Когда они вошли к нему, он сидел на своей кровати, одетый в камзол из зеленой фланели, с пестрой толедской шапочкой на голове, и был так худ и изнурен, что, казалось, на нем была только одна кожа да кости. Он принял их очень ласково; они осведомились у него относительно его здоровья, и он отвечал на все их вопросы очень разумно и в самых изысканных выражениях. В разговоре они коснулись между прочим и так называемых политических и государственных вопросов, при чем, беседуя, старались искоренить то то, то другое злоупотребление; отменяли один старый обычай и вводили на его место другой – новый, – короче сказать, каждый из троих собеседников изображал из себя в это время нового законодателя, нечто в роде второго Ликурга или новоиспеченного Солона; и таким образом они до такой степени преобразовали на словах государство, что его, в конце концов, нельзя было узнать. О каждом предмете, про который шла речь, Дон-Кихот говорил так разумно, что оба друга, испытывавшие его, более не сомневались в совершенном восстановлении его рассудка. Племянница и экономка присутствовали при этом разговоре и не знали, как благодарить Бога за то, что их господин рассуждал так здраво. Но священник переменил свое первоначальное намерение не затрагивать ничего, что касалось бы рыцарства, так как он вполне хотел убедиться в действительности выздоровления Дон-Кихота. Поэтому он рассказал одну за другой несколько новостей из столичной жизни и, между прочим, что, как ему передавали за достоверное, турки выступили в поход с большим флотом; неизвестно, в чем состоит их намерение и над какою страной разразится эта гроза; но так как страх нападения турок почти из года в год овладевает христианским миром, то его величество король повелел привести в оборонительное положение как берега Неаполя и Сицилии, так и остров Мальту.
Дон-Кихот ответил на это:
– Его величество поступает как предусмотрительный воин, вовремя заботясь об оборони своих владений, для того, чтобы враг не напал на них врасплох.
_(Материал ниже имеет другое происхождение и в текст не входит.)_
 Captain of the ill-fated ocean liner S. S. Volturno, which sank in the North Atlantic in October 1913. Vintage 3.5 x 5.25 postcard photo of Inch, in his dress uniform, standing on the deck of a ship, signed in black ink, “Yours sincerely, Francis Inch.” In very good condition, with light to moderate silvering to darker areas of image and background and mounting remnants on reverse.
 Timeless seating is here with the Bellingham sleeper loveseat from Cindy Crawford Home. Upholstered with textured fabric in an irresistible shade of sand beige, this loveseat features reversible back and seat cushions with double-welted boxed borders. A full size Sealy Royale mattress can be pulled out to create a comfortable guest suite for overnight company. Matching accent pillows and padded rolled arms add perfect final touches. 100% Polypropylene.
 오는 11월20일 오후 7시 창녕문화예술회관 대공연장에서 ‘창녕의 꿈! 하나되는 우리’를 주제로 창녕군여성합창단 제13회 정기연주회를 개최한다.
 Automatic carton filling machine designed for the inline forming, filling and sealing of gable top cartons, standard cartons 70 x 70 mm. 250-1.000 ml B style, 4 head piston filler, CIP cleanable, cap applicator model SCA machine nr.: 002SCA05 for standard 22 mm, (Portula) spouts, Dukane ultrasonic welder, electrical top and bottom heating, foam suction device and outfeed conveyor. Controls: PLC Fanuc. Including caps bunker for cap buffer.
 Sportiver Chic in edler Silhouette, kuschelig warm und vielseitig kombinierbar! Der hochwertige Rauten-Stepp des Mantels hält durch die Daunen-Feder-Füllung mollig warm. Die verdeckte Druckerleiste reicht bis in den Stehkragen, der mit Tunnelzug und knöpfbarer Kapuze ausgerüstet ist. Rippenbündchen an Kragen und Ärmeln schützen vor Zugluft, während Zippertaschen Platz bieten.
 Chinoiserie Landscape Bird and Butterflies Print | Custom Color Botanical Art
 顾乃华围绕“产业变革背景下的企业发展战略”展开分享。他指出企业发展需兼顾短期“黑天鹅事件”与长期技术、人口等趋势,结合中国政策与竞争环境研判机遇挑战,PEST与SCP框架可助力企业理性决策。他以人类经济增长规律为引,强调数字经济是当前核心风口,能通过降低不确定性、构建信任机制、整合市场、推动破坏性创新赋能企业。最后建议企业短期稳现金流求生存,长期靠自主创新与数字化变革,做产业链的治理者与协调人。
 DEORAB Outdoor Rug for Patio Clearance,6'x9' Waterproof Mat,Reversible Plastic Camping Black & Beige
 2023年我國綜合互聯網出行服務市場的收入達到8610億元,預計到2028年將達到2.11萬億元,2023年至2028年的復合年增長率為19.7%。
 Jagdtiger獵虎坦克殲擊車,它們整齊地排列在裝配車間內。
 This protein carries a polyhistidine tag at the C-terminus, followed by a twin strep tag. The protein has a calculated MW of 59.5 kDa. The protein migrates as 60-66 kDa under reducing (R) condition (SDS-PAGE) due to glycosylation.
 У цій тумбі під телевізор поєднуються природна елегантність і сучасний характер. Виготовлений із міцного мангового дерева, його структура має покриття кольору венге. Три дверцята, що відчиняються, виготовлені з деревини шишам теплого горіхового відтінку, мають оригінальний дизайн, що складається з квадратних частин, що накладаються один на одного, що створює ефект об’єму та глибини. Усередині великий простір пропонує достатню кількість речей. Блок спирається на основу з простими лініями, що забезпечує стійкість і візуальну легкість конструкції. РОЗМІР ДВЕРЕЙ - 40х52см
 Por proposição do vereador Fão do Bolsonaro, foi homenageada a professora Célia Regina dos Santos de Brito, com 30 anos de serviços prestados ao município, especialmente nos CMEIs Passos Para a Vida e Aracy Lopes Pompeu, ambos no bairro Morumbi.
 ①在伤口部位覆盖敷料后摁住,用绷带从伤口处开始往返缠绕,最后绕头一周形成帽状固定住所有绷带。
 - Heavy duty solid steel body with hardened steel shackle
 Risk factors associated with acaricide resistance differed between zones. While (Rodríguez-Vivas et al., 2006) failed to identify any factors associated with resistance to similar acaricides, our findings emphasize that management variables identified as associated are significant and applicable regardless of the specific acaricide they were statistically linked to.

Если бы он, однако, захотел послушаться моего совета, то я рекомендовал бы ему такую меру, которая, по всей вероятности, в эту минуту менее всего может прийти ему в голову.
Услышав эти слова, священник сказал про себя:
– Помилуй Бог тебя, бедный Дон-Кихот! Кажется, ты с высочайшей вершины твоего сумасшествия стремишься низринуться в глубокую пропасть твоего простодушия. Цирюльник же, который напал на ту же самую догадку, спросил его, в чем собственно заключается та мера, которую он считает такою целесообразной, и не принадлежит ли она к числу тех необдуманных проектов, которые так часто представляют на одобрение государей.
– Мой проект, господин брадобрей, – сказал Дон-Кихот, – не будет необдуманным, напротив, он очень обдуман.
– Я не говорю ничего, – возразил цирюльник, – я хотел только сказать, что большая часть планов, которые представляются на усмотрение его величества, или невыполнимы, или просто несуразны, или даже могут быть вредны как для короля, так и для государства.
– Мой план, – ответил Дон-Кихот, – нельзя назвать ни невыполнимым, ни несуразным; напротив, он самый легкий, самый лучший, самый удобоисполнимый и самый короткий, который рождался когда-либо в чьей-либо изобретательной голове.
– Однако, вы не решаетесь сообщить нам его, господин Дон-Кихот, – сказал священник.
– Мне бы не хотелось делать его известным теперь, – ответил Дон-Кихот, – так как в таком случае он завтра же утром дойдет до ушей господ королевских советников и другие получат благодарность и награду за мой труд.
– Что касается меня, – сказал цирюльник, – то обещаю вам перед Богом, что ничего из сообщенного вами не узнает от меня ни король, ни оруженосец, ни какой-либо другой смертный, – клятва, которой я научился из романса о священнике, указывавшем королю разбойника, который украл у него сто пистолей и быстрого мула.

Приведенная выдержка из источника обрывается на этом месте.